I offer that definition because nowhere in the NHS plan is advocacy actually defined. I believe that what has been proposed in the NHS plan is a confusion between three different aspects: information, support and advocacy or representation.

The new PALS system is described variously on pages 91 and 92 in terms of information, facilitation, negotiation and support for complainants. But those are very different matters which require very different skills. There is a significant difference between a service which eases the path of hospital patients through an organisation's structures and services and one which enhances and supports the ability of people--patients, families and carers--to negotiate the wider NHS, an understanding of their rights as users and their ability to obtain redress if things go wrong.

PALS appears to deal only with patients in hospital, not patients in primary or rehabilitative care. Such patients usually need the following things. First, they need practical information about the services of a hospital in easily accessible formats. They need information about aftercare, benefits and adaptations.

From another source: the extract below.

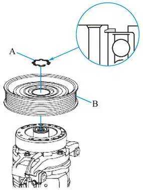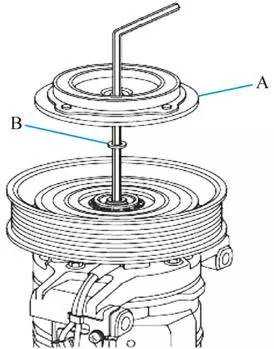 ③如果更换励磁线圈,则用卡环钳拆下卡环A,然后拆下皮带轮B。小心不要损坏皮带轮或空调压缩机。
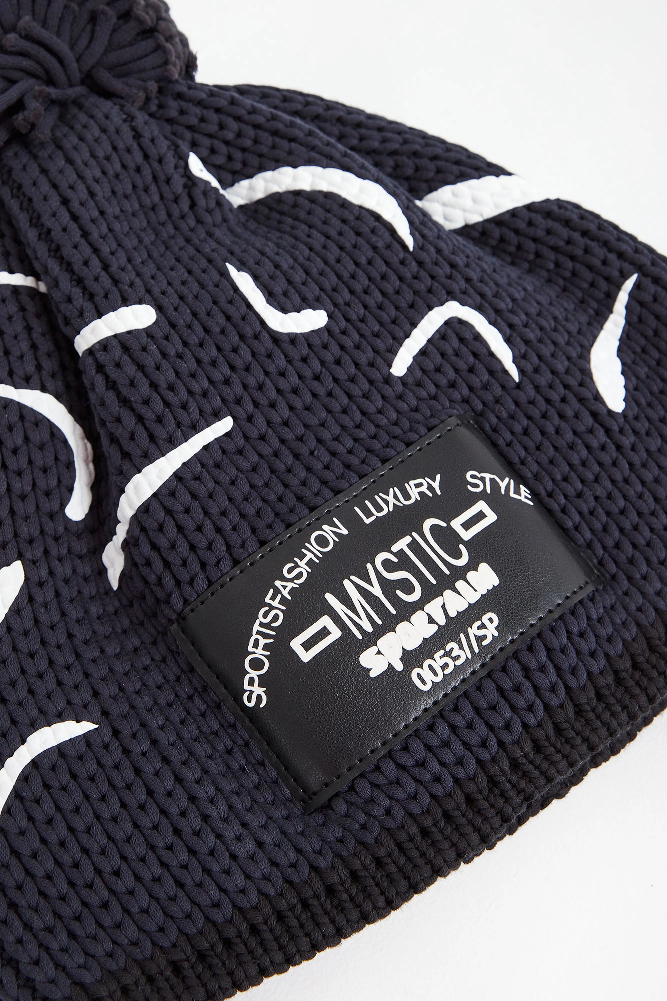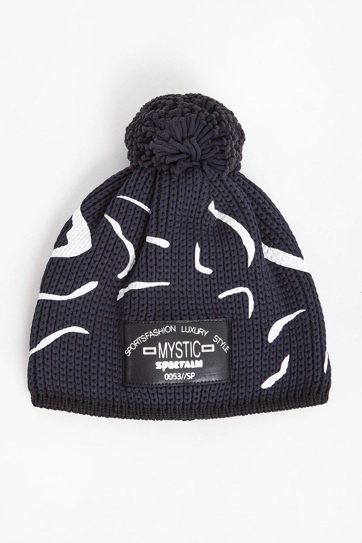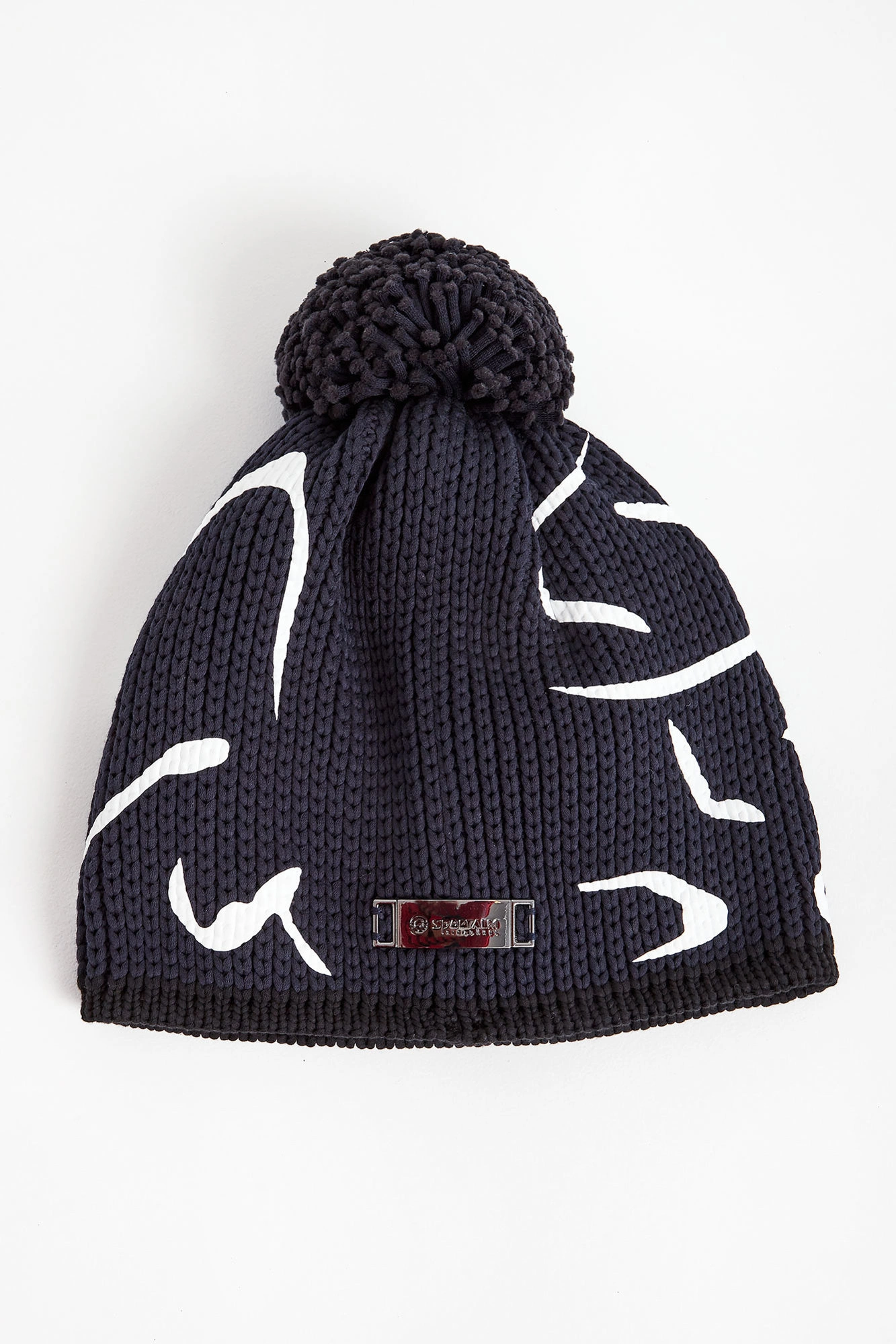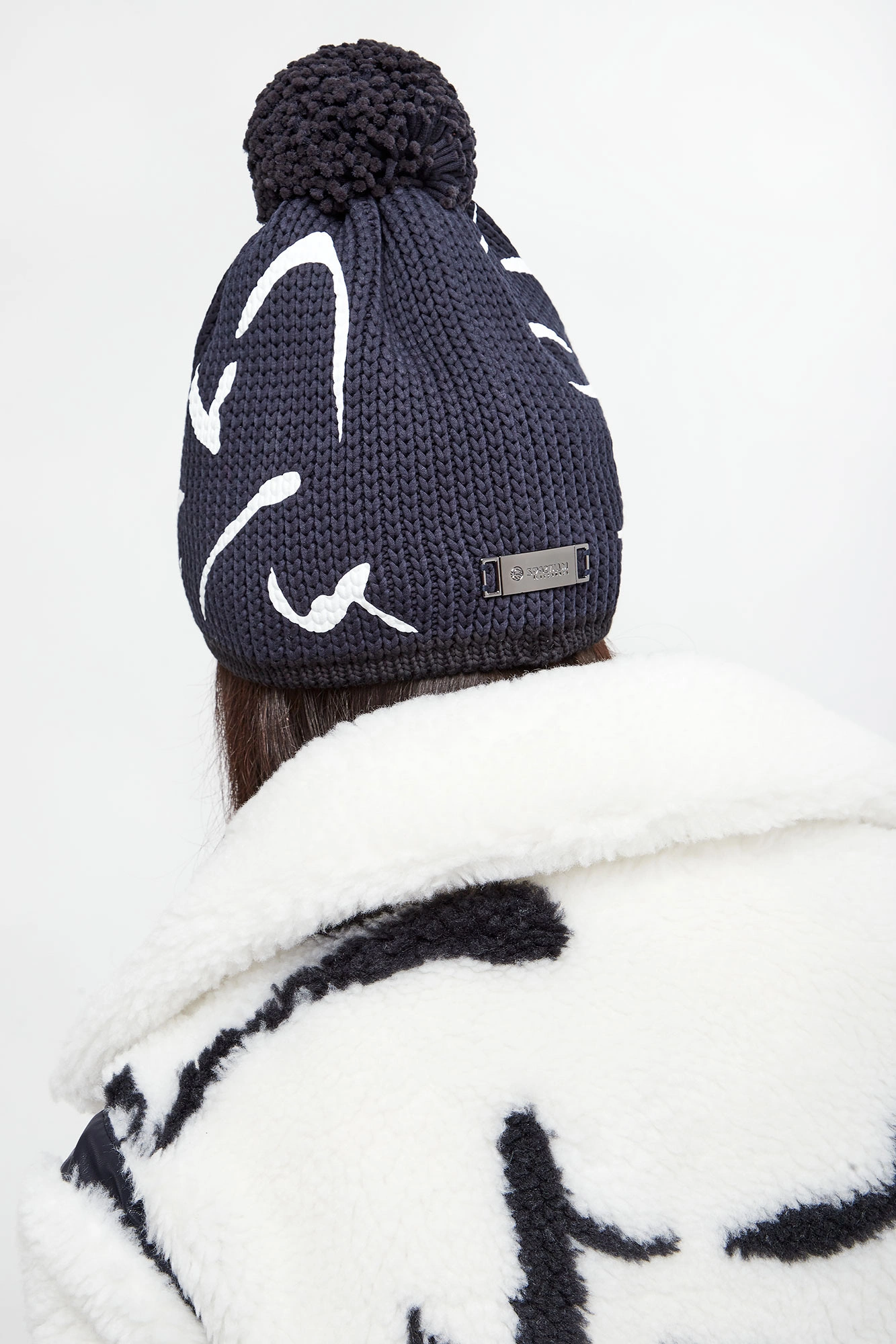 Czapka marki Sportalm w kolorze granatowym. Z zewnątrz wykonana z dzianiny, a wnętrze wyścieła polar. Model z odpinanym bawełnianym pomponem. Na całości kontrastowy nadruk z motywem motyla. Z przodu naszywka z ekoskóry, a z tyłu metalowa aplikacja z nazwą marki.

If the proposed system is to work, the integrity of the information which is provided must be assured. There must be no conflict of interest by dint of those responsible being employed by the hospital.

Secondly, patients need support. Lots of patients just need a bit of help to get simple things done. Reading the plan, I believe that that is what the Secretary of State really intended this proposal to achieve. But that is not advocacy. I am not being pedantic here. We are talking about a major structural change on a basis which is wholly unclear.

Here is a tremendous need for advocacy. I cite one example--language difficulties. Many patients suffer simply because of language difficulties. In certain boroughs in London, more than 130 languages are spoken. I cannot see how one hospital or one NHS facility can meet that sort of need. And yet there is scant mention in the plan about the organisations which have that expertise; namely, voluntary organisations.

I have two questions for the Minister. First, why is there no mention in the plan about national standards and criteria for evaluation of the PALS system? Secondly, if the Minister accepts the need for independence and the advocacy skills which exist outside the NHS, is there a case for going down a route similar to that of the community legal service and establishing an NHS advocacy standard to which a number of groups, which prove that they are up to the required standard, could bid to provide that service?

The major flaw is that this does not cover general practice or even PCTs. By far the largest number of incidents in the NHS are in the community services. Will the proposals for PALS and patient forums ever reach down to that level, which is the level at which most people experience the NHS?

In conclusion, I do not think that what is on offer is PALS. It is PILS--a patient information liaison service. If the Minister's department really wants advocacy, then the voluntary and statutory sectors will need to be "PALS" together.